People get way too hyped up over these fucking holidays. They are made up, by us no less, they do not matter, so take the dildo stuck up your ass and pull it down a notch. Working in a grocery store is insanity on high. There is a holiday every fucking month and yet still every one of the top ass lickers loses their god damn minds. Collectively their heads begin to explode in their anal cavities and the shit flows down all over me. They act as if this is the big one. This one day out of the whole year will pay for every other day forever. They act as if no one will ever eat again after today.

Maybe if the world ends than people might have to stop eating, but you will be dead and so will I… So, who gives a shit? Even if the economy completely collapses, we will still be here handing out the rations before the raiders take over. Still plenty of time to make a dollar or two for doing nothing at all. Fact… People will still show up long after the bombs have dropped, the shotguns have taken us home, and the dark lord has discarded our souls. Because people need to eat… Great, who’s going to clean this shit off my shoes? This fucking month’s holiday, because again we have at least one every god damn month if not every other week… the thoughts they don’t stop no matter how hard you scream, is back to school.

Yes, back to school is a major holiday. If you didn’t know that you do now, and no, you aren’t any smarter or better for it. You’re welcome… Everyone is acting as though we are storming the beaches of Normandy. The big ones coming, this is it people, back to school, back to school, back to school. This is madness. With the kids in school people need less food in the house. Most of them will buy lunches or receive them at school depending on the area. Yes, people will be back from going on vacation, but this place hasn’t been a ghost town for the last two months. So, what are the sales up by a percent starting now? We really need to lose our shit over a percent?

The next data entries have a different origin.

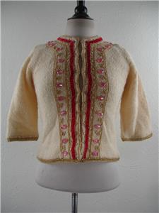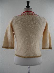check my other auctions - I have HUNDREDS of items that I will be listing and I LOVE to combine shipping so keep bidding! SIZE: Vintage S, it measures like a Women's S (our mannequin is a Women's M so keep this in mind when viewing the photos). Please check the measurements to be sure.... MEASUREMENTS: Chest (armpit to armpit across the front): approx 16" Length (down the center of the back): 20" Shoulders (across the back): 14" View pics! I'm listing a bunch of clothes today........check 'em out, there are some beauties! #4424 |
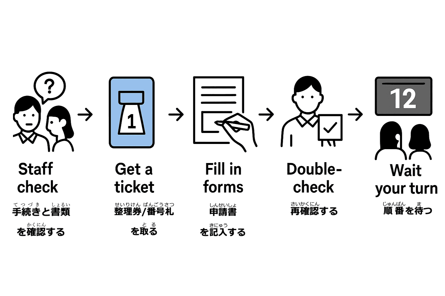 - Staff check – The staff will ask what procedures (手続き, tetsuzuki) you would like to do, what documents (書類, shorui) you brought and guide you to the next steps.
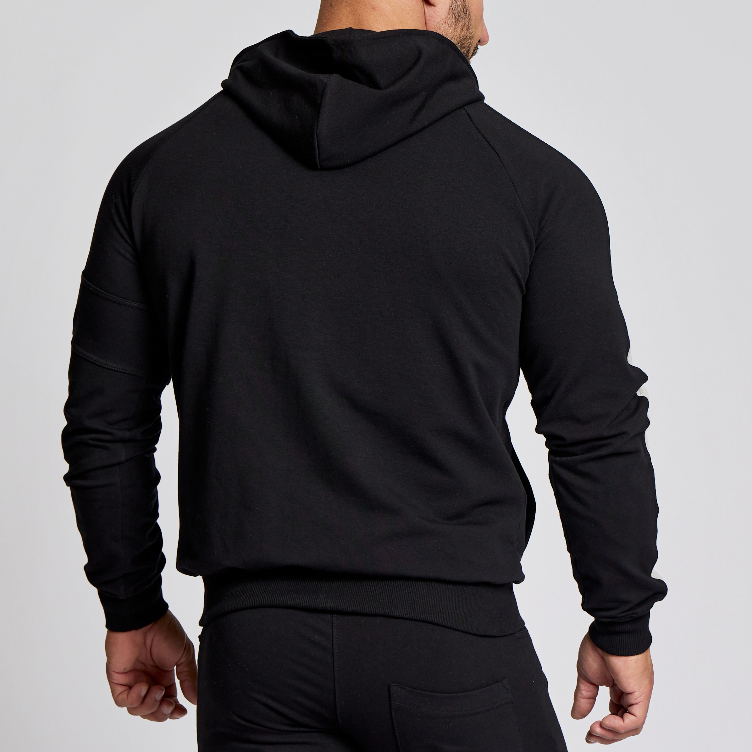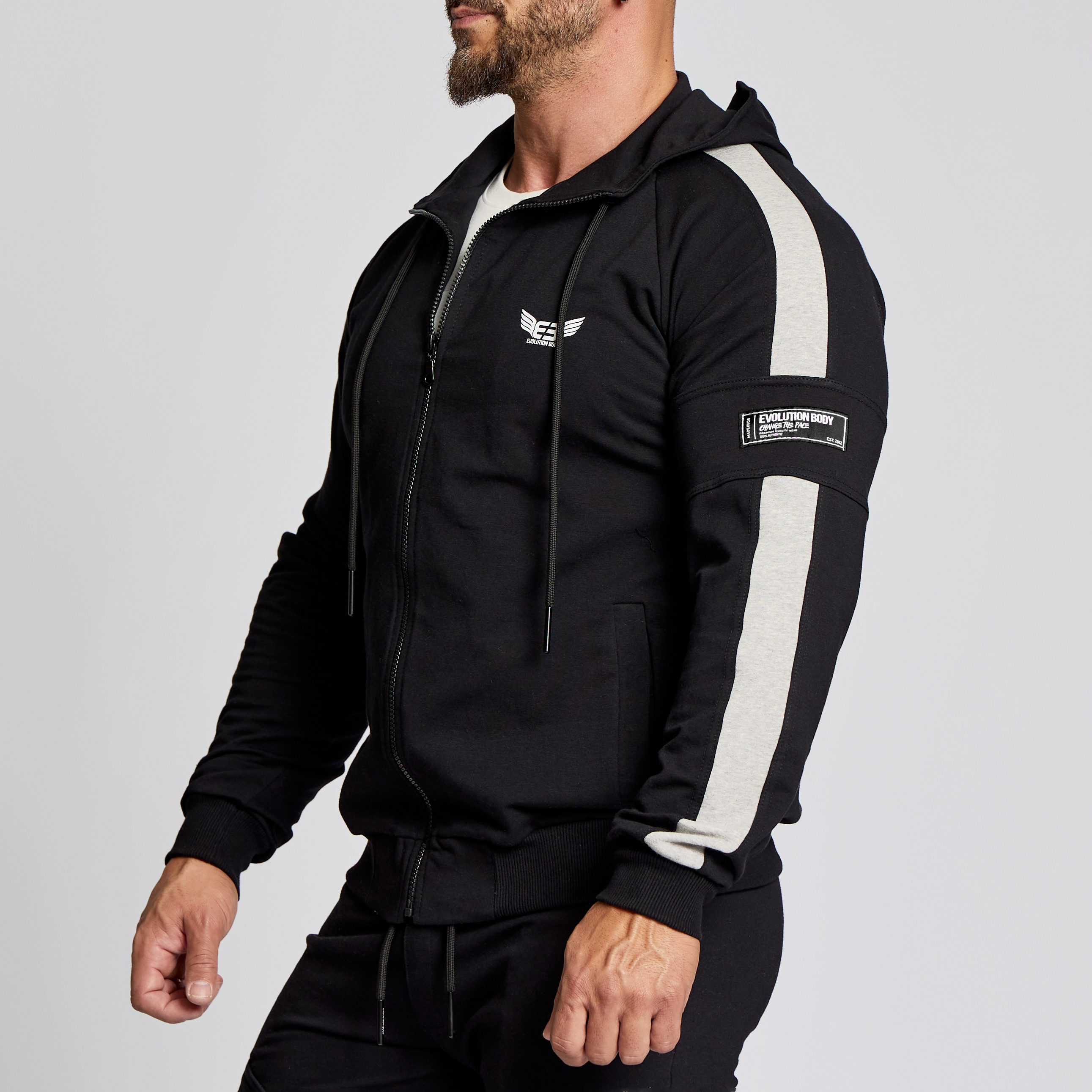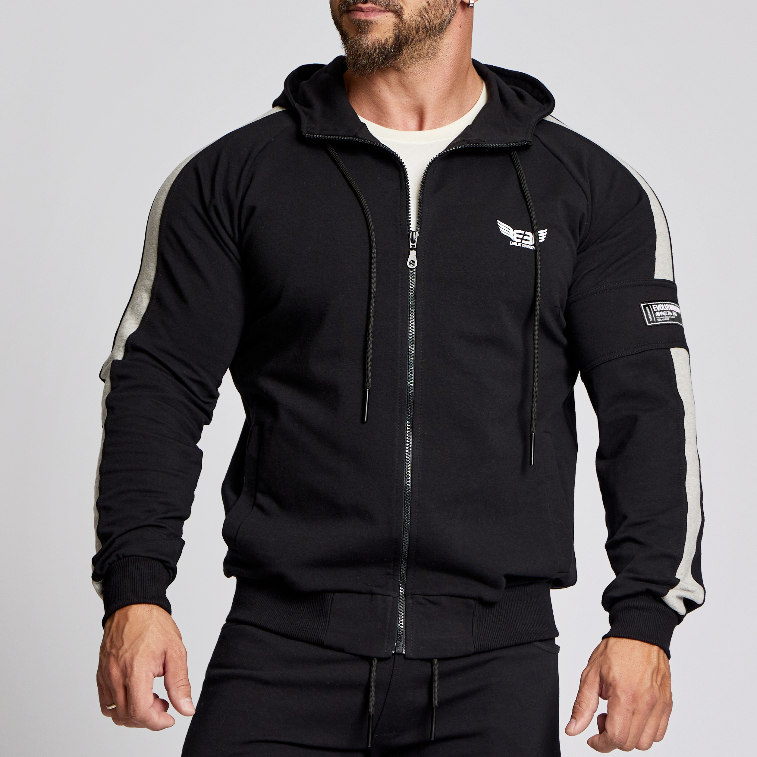 Μαύρη ελαστική ζακέτα με κουκούλα που για το απόλυτο sport look όταν η θερμοκρασία αρχίζει να πέφτει.Η ζακέτα χαρακτηρίζεται από τη slim fit γραμμή της που αγκαλιάζει και αναδεικνύει το σώμα. Ιδανική επιλογή για καθημερινές εμφανίσεις όταν η θερμοκρασία αρχίζει να πέφτει.
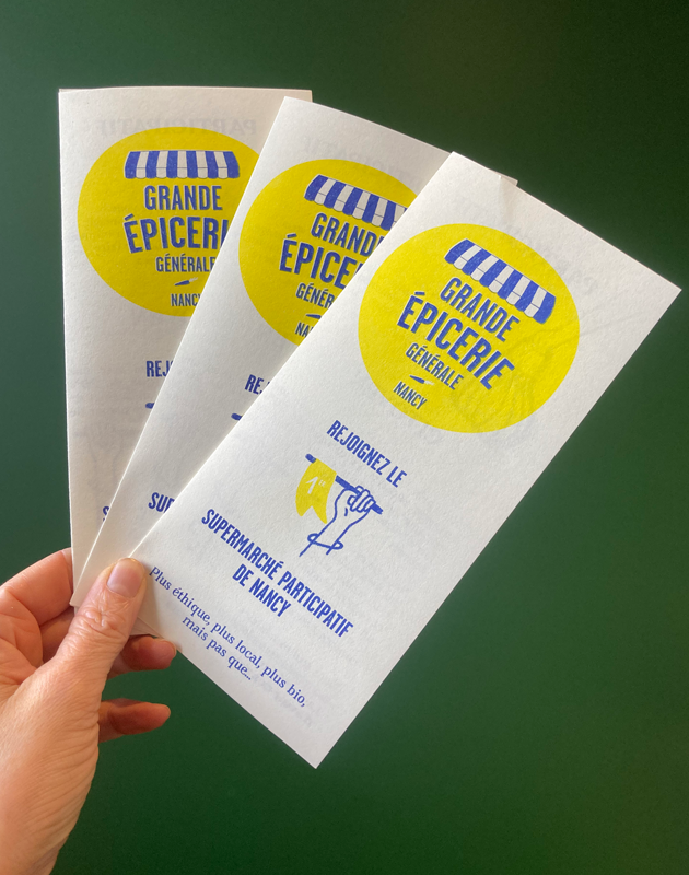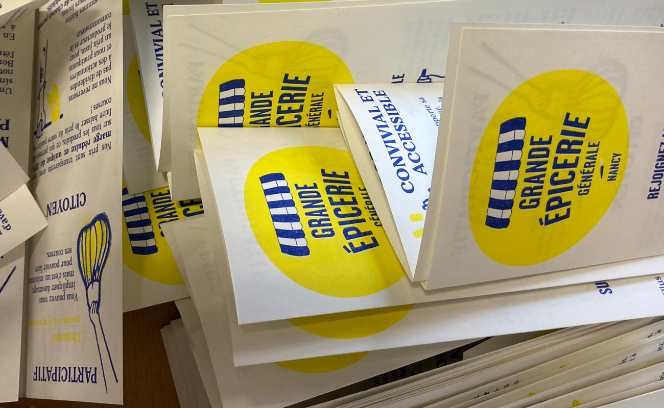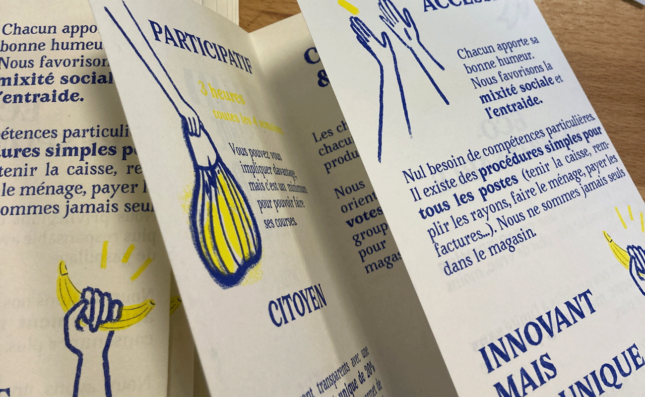 La Grande épicerie générale avait besoin de nouveaux supports de communication afin de trouver de nouveaux adhérents et de bosser son activité. Ses membres m’ont donc passé commande pour la réalisation d’un flyer. Viendront ensuite des projets de fresque et d’enseigne ( j’ai hâte! ).
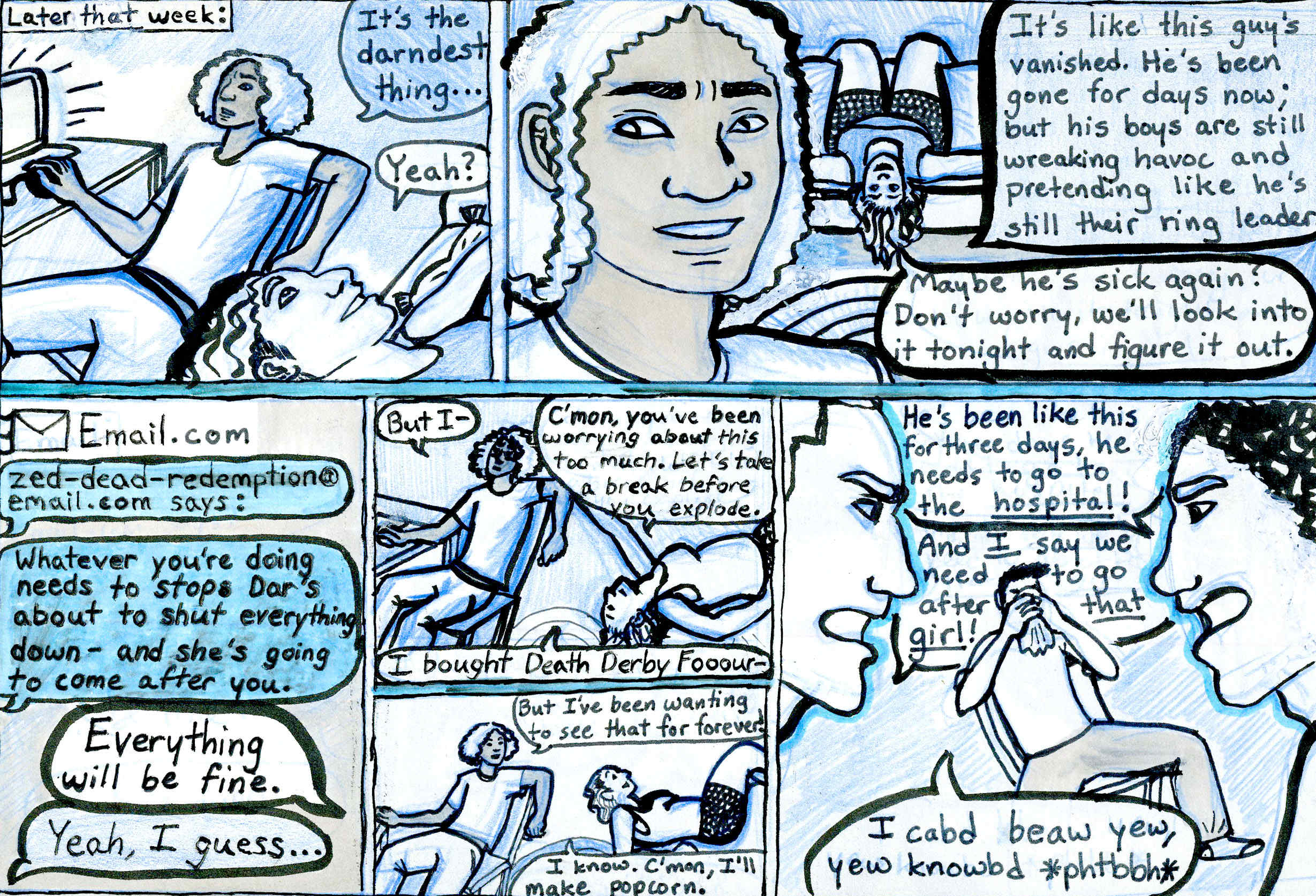 ALSO also, just a quick reminder of the chronological order of chapter 3 so far (there've been a lot of time skips): Page 2, Page 3, Page 4 and 5 simultaneously, Page 6, TV Show Puns (extra), Page 1, and then Page 7, which hasn't been made yet. Hope that clears up any confusion! See ya in a week or two!
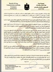 وتطالب الجمعية السلطات بمراجعة قرارات هيئة الإعلام والاتصالات، وإعادة النظر في سلوكياتها إزاء الإعلام، كونها تنتهك الدستور وتتجاوز صلاحياتها التنظيمية، مما يحول الهيئة إلى ما يشبه وزارة إعلام، كان الدستور العراقي قد حلّها استنادا الى التحول من النظام الدكتاتوري الى التعددي الديمقراطي.
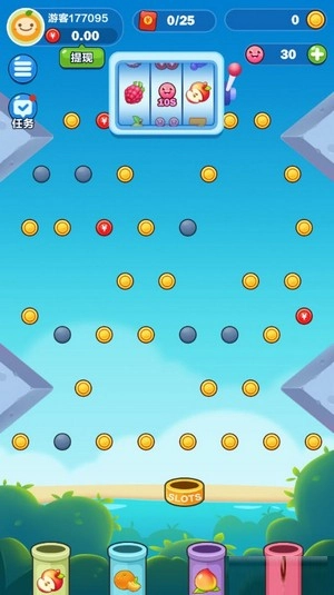 这是一款结合趣味与收益的网赚类小游戏,采用经典的弹球益智玩法。在游戏中你需要操控水果弹球机进行瞄准和发射,享受边玩边赚的乐趣。
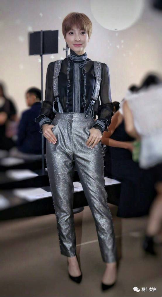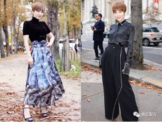 这种成套裤装造型,这段时间在女明星间,也是蛮流行的。
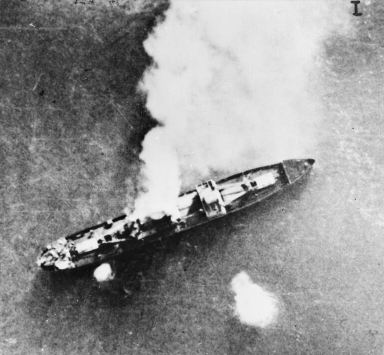 1941. 06.06. Немецкий блокадопрорыватель «Эльбе» горит после атаки британской палубной авиации
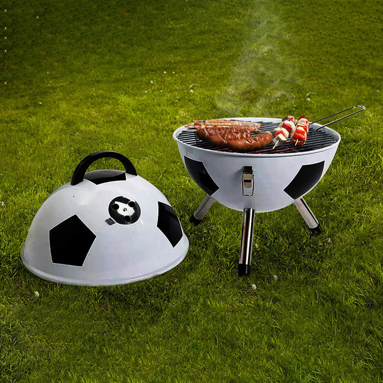เตาบาร์บีคิวถ่านรูปทรงฟุตบอล Apple Grill แบบพกพา ทำจากเหล็ก สำหรับย่างกลางแจ้งและในร่ม พร้อมเหล็กเสียบย่าง ขนาดเล็ก รุ่น BQ17
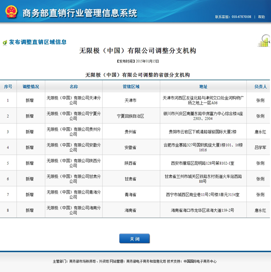 2015年1月15、16日,商务部直销行业管理信息系统网站发布了无限极(中国)有限公司调整的直销区域的信息。此次新增了天津市、宁夏回族自治区、贵州省、安徽省、陕西省、甘肃省、青海省、海南省8个省市,共计359个网点。
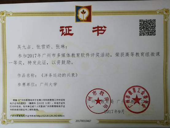 在2017年广州市教育局和广州市教育工会委员会组织的广州市多媒体教育软件评奖活动中,做爱视频 教师吴九占、张雪娇、张琳的作品《洋务运动的兴衰》获得高等教育组一等奖。
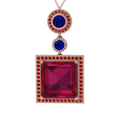 Rodolit garnet, lab safir ve garnet 18 ayar rose altın kolye (40 cm rose altın rolo zincir)
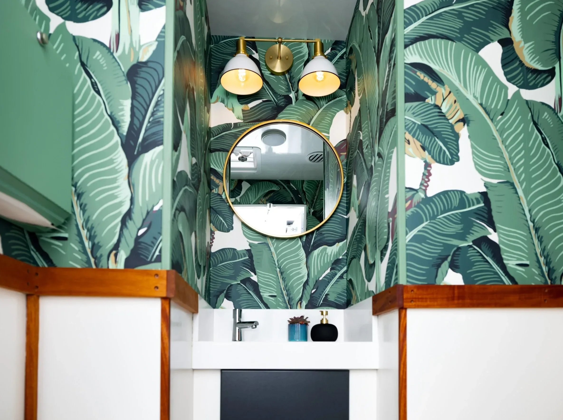 Designed using the iconic Martinique wallpaper by CW Stockwell. Complimented by rich African Mahogany throughout.
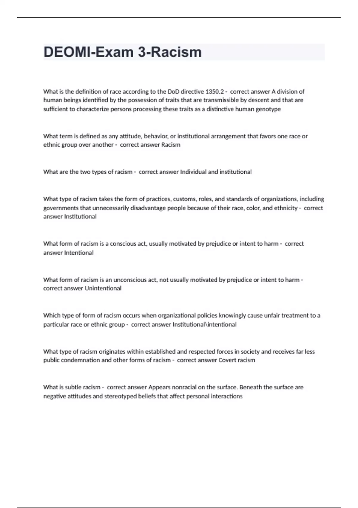 DEOMI-Exam 3-RacismWhat is the definition of race according to the DoD directive 1350.2 - correct answer A division of human beings identified by the possession of traits that are transmissible by descent and that are sufficient to characterize persons processing these traits as a distinctive human genotype What term is defined as any attitude, behavior, or institutional arrangement that favors one race or ethnic group over another - correct answer Racism What are the two types of racism - correct answer Individual and institutional What type of racism takes the form of practices, customs, roles, and standards of organizations, including governments that unnecessarily disadvantage people because of their race, color, and ethnicity - correct answer Institutional What form of racism is a conscious act, usually motivated by prejudice or intent to harm - correct answer Intentional What form of racism is an unconscious act, not usually motivated by prejudice or intent to harm - correct answer Unintentional Which type of form of racism occurs when organizational policies knowingly cause unfair treatment to a particular race or ethnic group - correct answer Institutionalintentional What type of racism originates within established and respected forces in society and receives far less public condemnation and other forms of racism - correct answer Covert racism What is subtle racism - correct answer Appears nonracial on the surface. Beneath the surface are negative attitudes and stereotyped beliefs that affect personal interactions
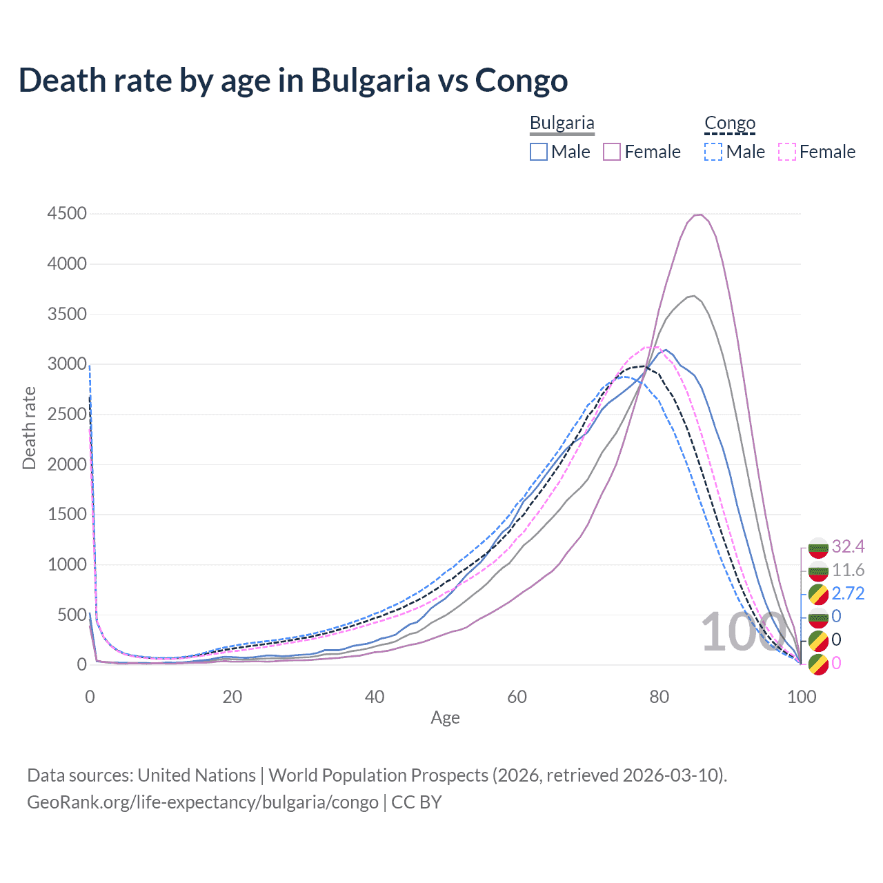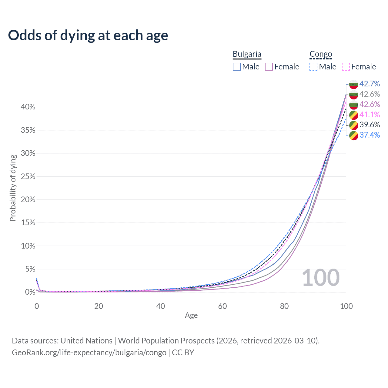 This life expectancy calculator shows the odds of living to 100, 95, 90, and below based on current age for both males and females in Bulgaria and the Congo, along with mean and median age of death. The calculations are based on the 2026 life tables (actuarial tables) from the UN World Population Prospects.
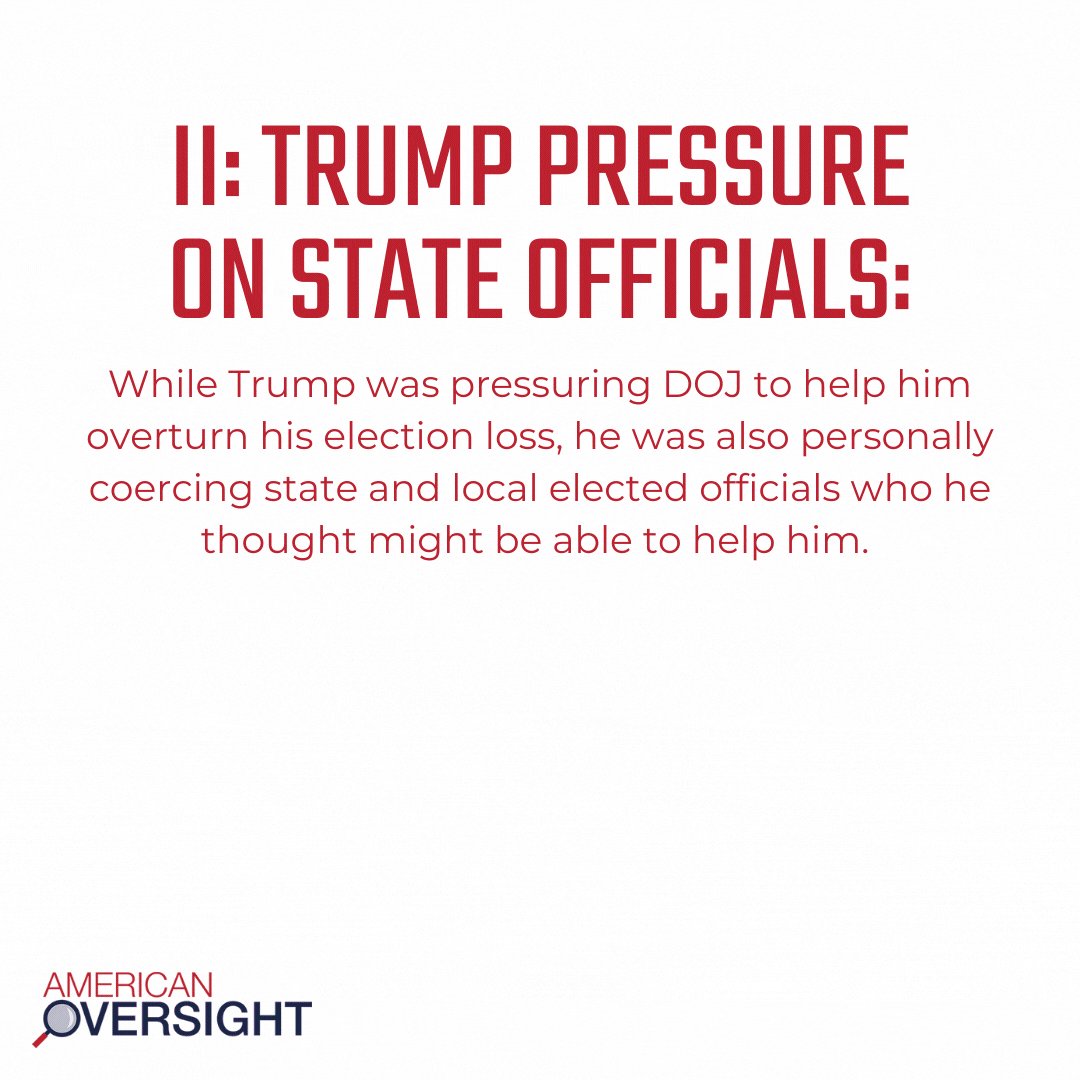 II: Trump Pressure on State Officials. While Trump was pressuring DOJ to help him overturn his election loss, he was also personally coercing state and local elected officials who he thought might be able to help him.

Again, they act as if after this weekend no one is coming back to this store to buy food for the rest of the year. It wouldn’t be so bad if it was a few holidays out of the year that they are like this, but it is every holiday. Every god damn week they need to act like the company is going under. Maybe because I don’t get bonuses from all the bull shit that I don’t care as much? I do however get the lovely joy of doing all the work and dealing with all their bull shit, and yet I’m calm because it is just another fucking day. Thanksgiving wasn’t created to sell more shit it just happens to be like that. Jesus wasn’t born on the 25th so we could sell more shit. If he was even born on that day at all. As far as sales go grocery is a cake walk, but these people have their heads so far up their ass that they have to worry about nothing. In the history of America when was the last time we were like nah I’m good on eating today?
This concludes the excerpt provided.